Из года в год происходит одно и то же. Тетя Шура просит Саблина выпить за ее здоровье одну рюмочку, но он, зная себя, наотрез отказывается, даже порывается уйти, но она настаивает, обижается, и рязанский родственник все-таки соглашается – пригубить, а вскоре уже мчится, выкатив белые глаза, на общую кухню, хватает первый попавшийся нож и угрожает немедленно зарезаться. Тогда его вяжут. Однажды Саблин, как обычно, рванув рубаху, приставил острие в груди и стал со всеми прощаться, но Лида увидела, что у него в руке наш новый хлебный нож, и строгим парткомовским голосом потребовала немедленно вернуть чужую собственность. Буян растерялся, покорно отдал нож и горько заплакал, как ребенок. Тогда его привычно связали полотенцами и унесли на диван.

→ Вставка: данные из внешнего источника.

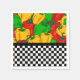 Top half of this paper party  napkin design is bright and bold coloured bell peppers in green, red and yellow with bottom half a black and white chequerboard.
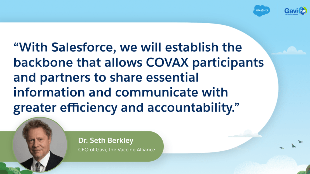 “The scale and urgency of the COVAX mission calls for tools we can expand quickly and use to manage what has become one of the largest and most complex undertakings ever in global health,” said Dr. Seth Berkley, CEO of Gavi. “With our colleagues at Salesforce, we will establish the backbone that allows COVAX participants and partners to share essential information and communicate with greater efficiency and accountability. The partnership will give people worldwide, especially in the poorest countries, access to vaccines that help protect them from COVID-19 and stem the continuing catastrophic social and economic disruption the pandemic has already left in its wake.”

– Пусть земля ему будет пухом! – Тимофеич торжественно поднес рюмку к губам, выпил и улыбчиво поморщился. – Как же ее пьют беспартийные?!
Это у них шутка такая. Смысл в том, что водка – настолько отвратительная гадость, что употреблять вовнутрь ее отваживаются только коммунисты, которые всегда готовы к подвигу и самопожертвованию: в фильмах про войну они выносят пытки гестаповцев без единого стона и плюют в лицо врагам. Водку я один раз из интереса пробовал (осталась на донышке в рюмке) – горькая, невозможная дрянь, от которой перехватывает дыхание, и пить ее я не собираюсь, даже когда вырасту. А вот советское шампанское с серебряным горлышком – совсем другое дело, оно сладкое и газированное, точно лимонад, да еще открывается с таким хлопком, словно бабахнул пугач. Но стоит оно почти три рубля. Дураку ясно: лучше выпить тринадцать бутылок «Дюшеса», чем одну шампанского…
После ужина отец ушел вниз «забивать козла». Лида убрала со стола посуду, вынула из комода жестяную коробку со швейными принадлежностями и села отпускать мои старые техасы, чутко прислушиваясь к тому, что происходит под нашим окном. Едва уловив среди стука костяшек подозрительный лязг стекла, она отложила рукоделье, легла грудью на широкий мраморный подоконник, глянула вниз и погрозила пальцем:
– Значит, все-таки распиваете?
– Не волнуйся, Ильинична, мы маршала поминаем, но только пивком! – послышался виноватый голос Петрыкина.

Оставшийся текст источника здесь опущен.